Irfan terkekeh, sedikit lega. Kalau sudah ada suara walaupun hanya sekata, bisa dipastikan lawan bicaranya ini kondisi moodnya mulai membaik.

"Jadi, kamu udah mulai cinta sama saya?" godanya.

Fifah diam. Dengan sedikit menundukan kepala, ekor matanya menangkap deretan gigi rapi suaminya. Wajahnya terasa mulai menghangat dan sepertinya rona merah di kedua pipi tidak bisa disembunyikan, lagi.

Separuh hatinya menyesal sebab dadanya terus bergetar, separuhnya lagi ia khawatirkan pada Nisa. Ya, bagaimana kalau Nisa tau? Sungguh demi apapun Fifah tidak ingin terjadi perpecahan.

Meski Allah telah berikan sahabat untuk sepanjang hidupnya, toh bukan berarti ia melupakan sahabat lamanya.

Tau Fifah sudah menikah sahabatnya tidak dikabari saja sudah dipastikan Nisa akan marah besar. Jangankan kalau tau bahwa yang telah menjadi suami sahabatnya adalah sosok yang Nisa perjuangkan dalam doa.

Tuhan, aku bisa apa?

"Kalau diam, tandanya iya!" seru Irfan berhasil membuat Fifah menoleh.
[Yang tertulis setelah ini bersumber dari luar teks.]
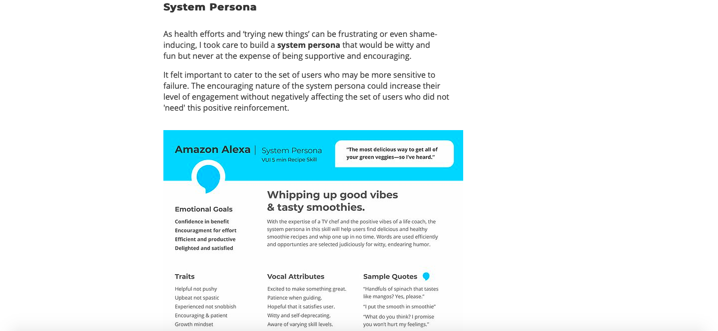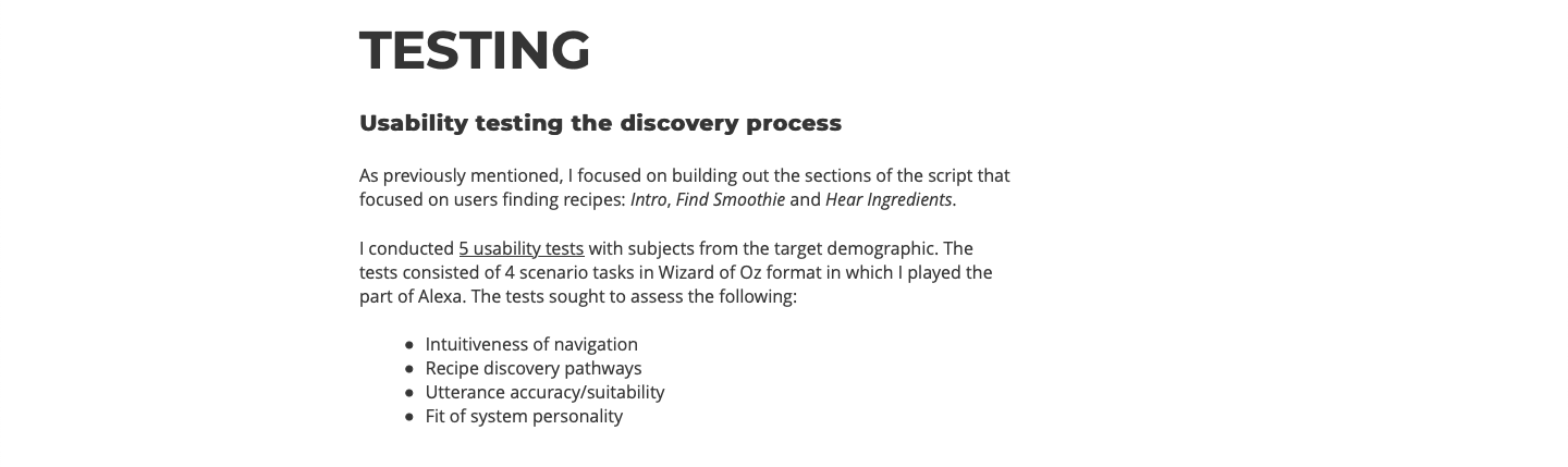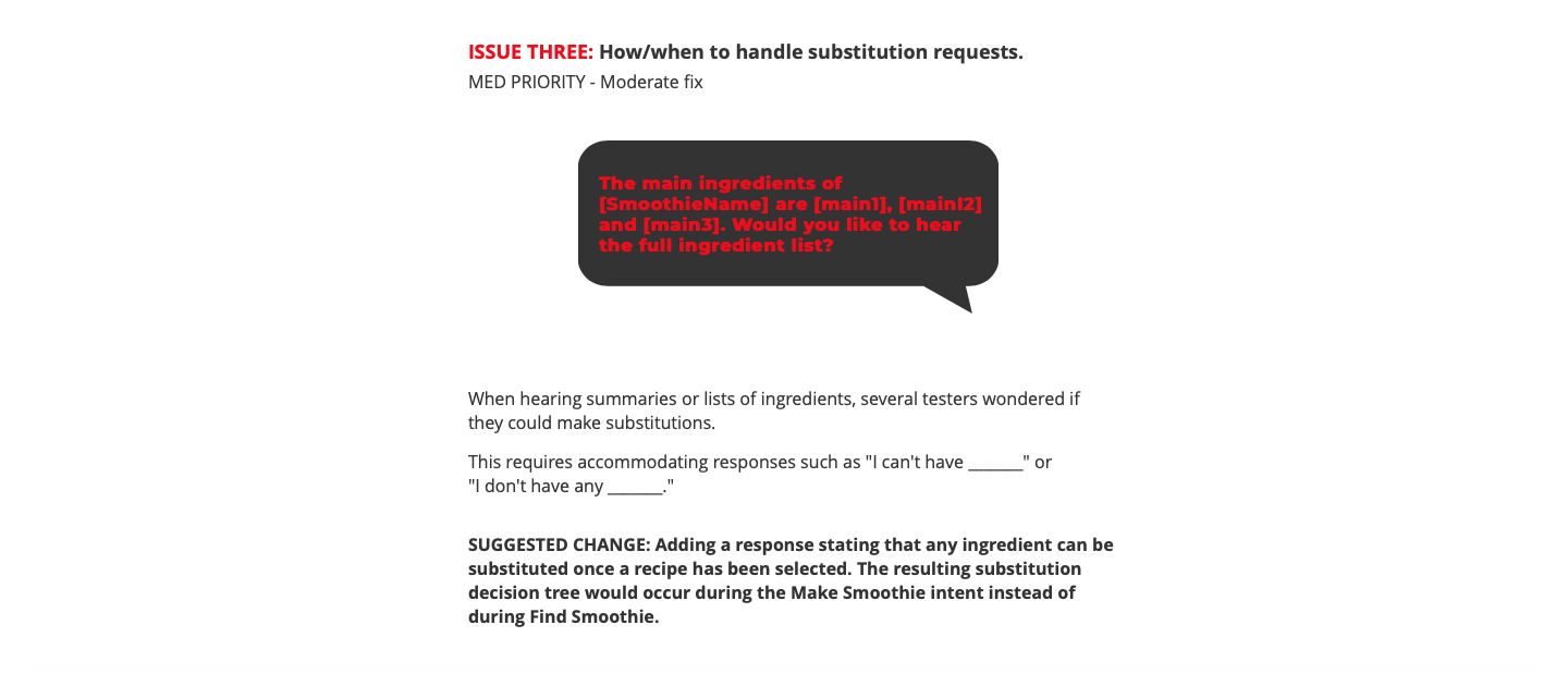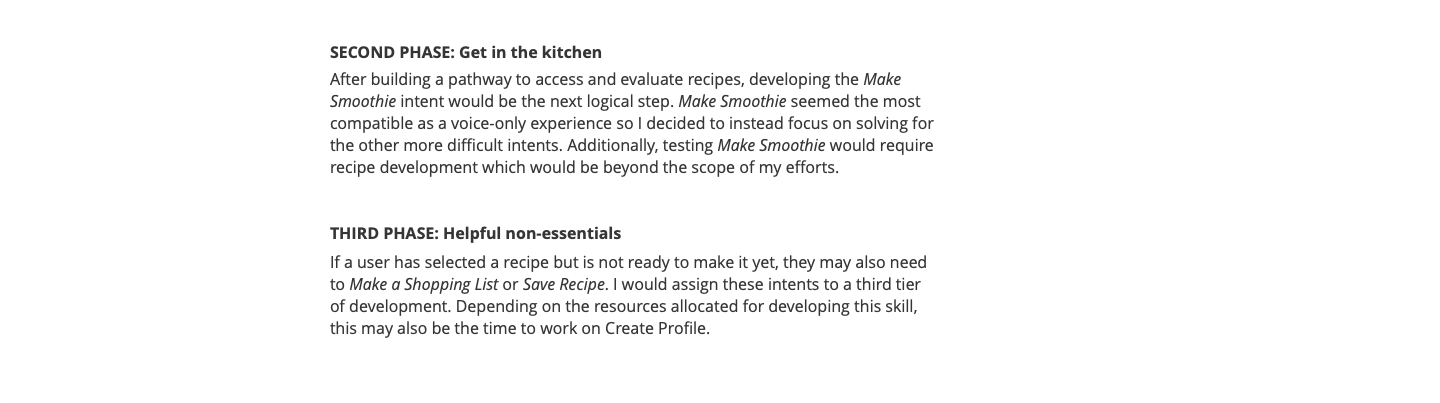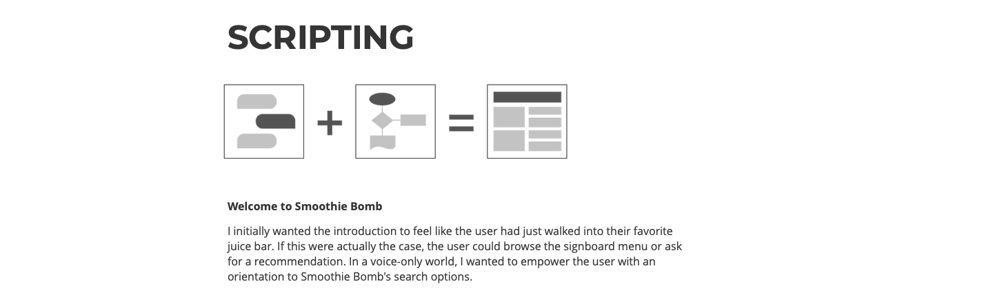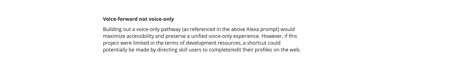My VUI experience was awesome (shout out to my mentor, Ilana!) VUI/Conversational design really makes you focus on user-testing because, unlike screen design, you can’t just look at your design and go, “yeah, that makes sense.” When writing your script and flow, you’re basically already at the high-fidelity stage (expect for your voice sounding a little less robot-y) so you can get great results from testing right away.

"Nggak!" Fifah kembali membuang muka. Membiarkan hembusan angin menerpa jilbabnya, berkibar laksana cadar wanita sholeha. Terkadang pipinya bersemu merah dengan senyuman yang terus disembunyikan.

Cantik sekali. Pikir Irfan dalam hati.

Lelaki itu tersenyum, menikmati setiap rasa yang menelisik. Menikmati tiap debar di dada meski berisik. Maha suci Allah yang telah menghadirkan bidadari secantik Fifah, menjadi milik dia seutuhnya.

Tak lama berselang senyumnya memudar. Ingatannya berkata tentang luka dari tatapan si pemilik sepasang bulu mata lentik, tadi pagi. Antara Rio dan Fifah, ada apa?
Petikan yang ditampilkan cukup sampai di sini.